**Records from a collection**
━━━━
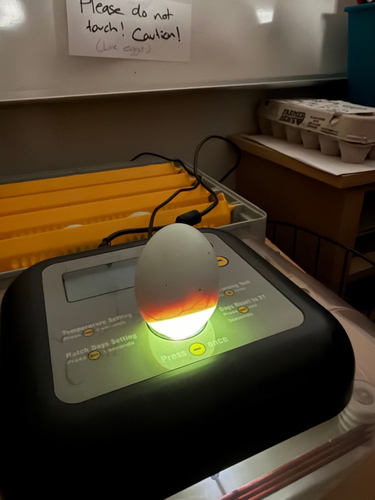 Our class incubation project is underway and we are set to hatch on April 28th. We will candle the eggs next Tuesday in class.
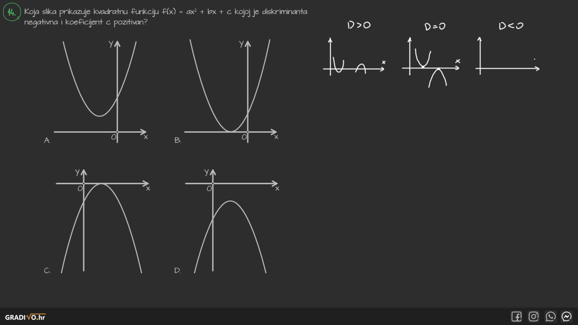 Koja slika prikazuje kvadratnu funkciju $f(x)=a x^{2}+b x+c$ kojoj je diskriminanta negativna i koeficijent $c$ pozitivan?
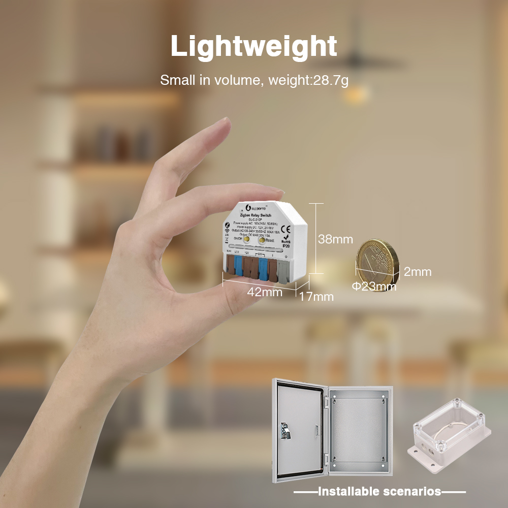 Gledopto GL-C-310P je kompaktní a všestranný ZigBee relé spínač, který přináší chytrou funkcionalitu do vaší stávající elektrické instalace. S jeho malými rozměry (42x38x17mm) jej lze snadno umístit za vypínač do krabice, do svítidla nebo jinam, kde je potřeba diskrétní, ale efektivní chytré ovládání.
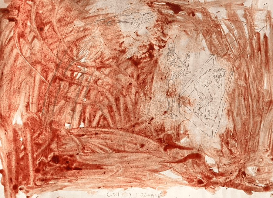 After the start of the full-scale invasion, she began creating drawings with her own blood to convey the unfamiliar physical pain of the new reality.
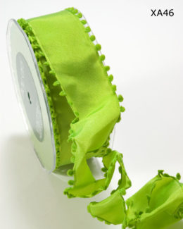 This 1 ½ inch by 25 yard ribbon is a woven solid with pom pom edges. The wired edge allows you to bend and shape your creations and decorate with ease. This ribbon would add a fun touch to a gift wrap or party décor and holiday DIY projects. It adds the perfect touch of texture to just about anything.
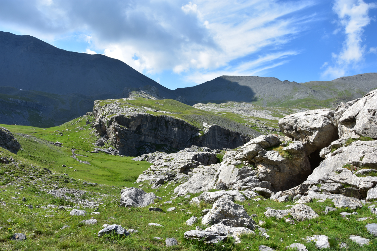 Über eine weite Hochfläche gelange ich zum grasigen Col des Moulinés. Der Regen hat inzwischen wieder aufgehört. Der Weiterweg zieht sich allerdings noch gewaltig. Nach einer langen Querung von Grashängen geht es am Rande einer Schlucht wieder aufwärts zu den Portes de Longon. Erneut setzt Regen ein. Über weite Almwiesen erreiche ich schließlich mein Tagesziel, das Refuge de Longon, eine Alm mit Übernachtungsmöglichkeit.
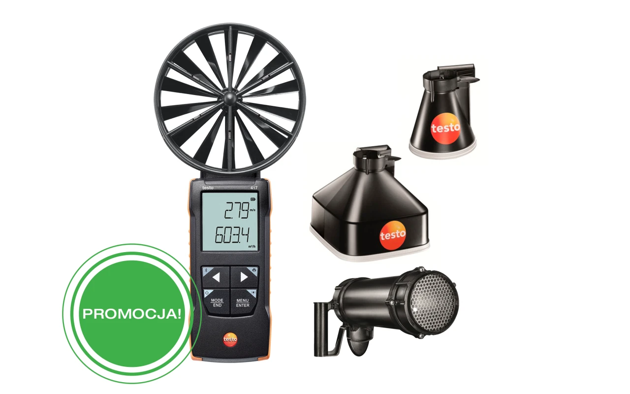 Kompaktowy anemometr wiatraczkowy testo 417 o średnicy 100 mm został zaprojektowany z myślą o maksymalnym ułatwieniu pomiarów na wlotach i wylotach powietrza w systemach klimatyzacji i wentylacji. Dzięki specjalnym zestawom z lejkiem i prostownicą przepływu równie łatwo można go wykorzystać do pomiarów na wylotach wirowych oraz w zrównoważonych systemach wentylacji w budynkach mieszkalnych. W połączeniu z aplikacją testo Smart App urządzenie umożliwia szybką i intuicyjną konfigurację, wyświetlanie wyników (także na drugim ekranie), a także ich zapisywanie i pełną dokumentację – bez zbędnych komplikacji.
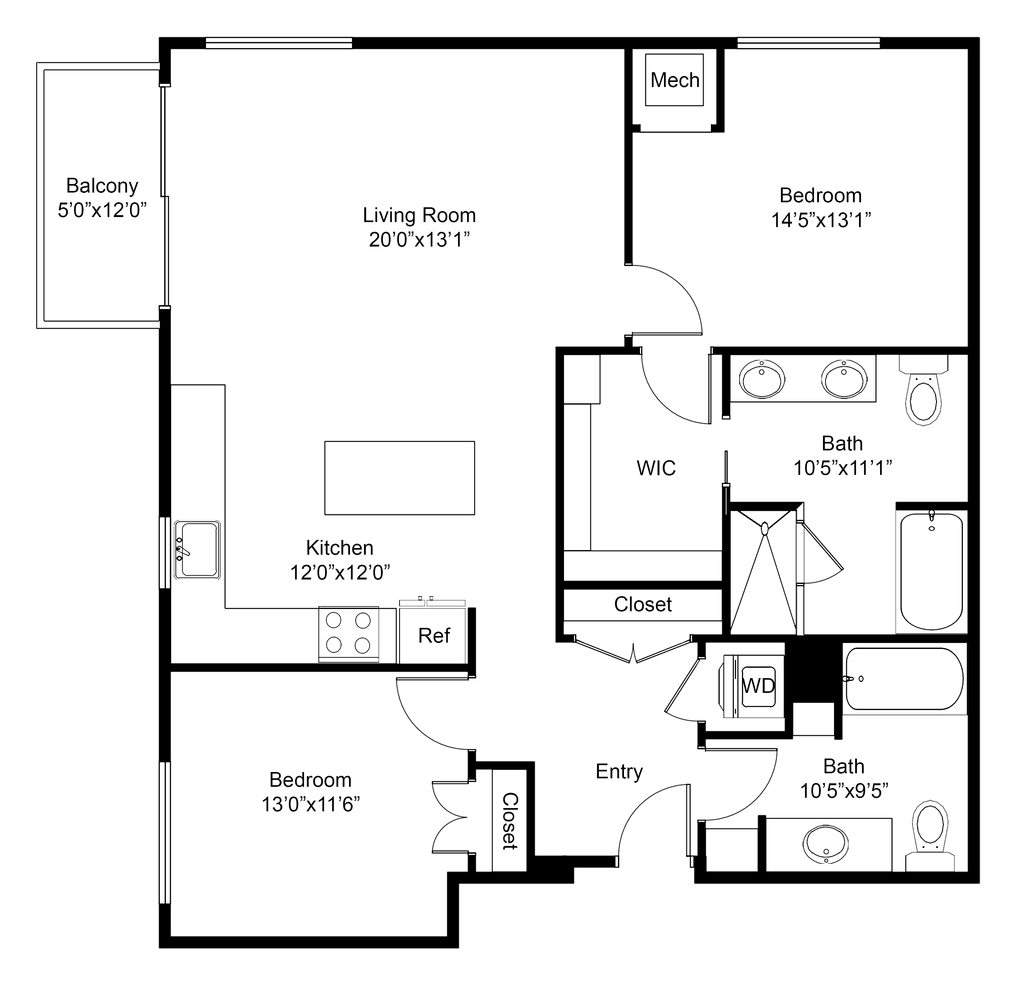1 Bed, 1 Bath, 725 sq ftAvailable NowModel Gallery
━━━━
**WHAT YOU HAVE TO DO**
Your answer must be the records above, copied exactly, with no pictures.

**YOUR SOLUTION**
 Our class incubation project is underway and we are set to hatch on April 28th. We will candle the eggs next Tuesday in class.
 Koja slika prikazuje kvadratnu funkciju $f(x)=a x^{2}+b x+c$ kojoj je diskriminanta negativna i koeficijent $c$ pozitivan?
 Gledopto GL-C-310P je kompaktní a všestranný ZigBee relé spínač, který přináší chytrou funkcionalitu do vaší stávající elektrické instalace. S jeho malými rozměry (42x38x17mm) jej lze snadno umístit za vypínač do krabice, do svítidla nebo jinam, kde je potřeba diskrétní, ale efektivní chytré ovládání.
 After the start of the full-scale invasion, she began creating drawings with her own blood to convey the unfamiliar physical pain of the new reality.
 This 1 ½ inch by 25 yard ribbon is a woven solid with pom pom edges. The wired edge allows you to bend and shape your creations and decorate with ease. This ribbon would add a fun touch to a gift wrap or party décor and holiday DIY projects. It adds the perfect touch of texture to just about anything.
 Über eine weite Hochfläche gelange ich zum grasigen Col des Moulinés. Der Regen hat inzwischen wieder aufgehört. Der Weiterweg zieht sich allerdings noch gewaltig. Nach einer langen Querung von Grashängen geht es am Rande einer Schlucht wieder aufwärts zu den Portes de Longon. Erneut setzt Regen ein. Über weite Almwiesen erreiche ich schließlich mein Tagesziel, das Refuge de Longon, eine Alm mit Übernachtungsmöglichkeit.
 Kompaktowy anemometr wiatraczkowy testo 417 o średnicy 100 mm został zaprojektowany z myślą o maksymalnym ułatwieniu pomiarów na wlotach i wylotach powietrza w systemach klimatyzacji i wentylacji. Dzięki specjalnym zestawom z lejkiem i prostownicą przepływu równie łatwo można go wykorzystać do pomiarów na wylotach wirowych oraz w zrównoważonych systemach wentylacji w budynkach mieszkalnych. W połączeniu z aplikacją testo Smart App urządzenie umożliwia szybką i intuicyjną konfigurację, wyświetlanie wyników (także na drugim ekranie), a także ich zapisywanie i pełną dokumentację – bez zbędnych komplikacji.
1 Bed, 1 Bath, 725 sq ftAvailable NowModel Gallery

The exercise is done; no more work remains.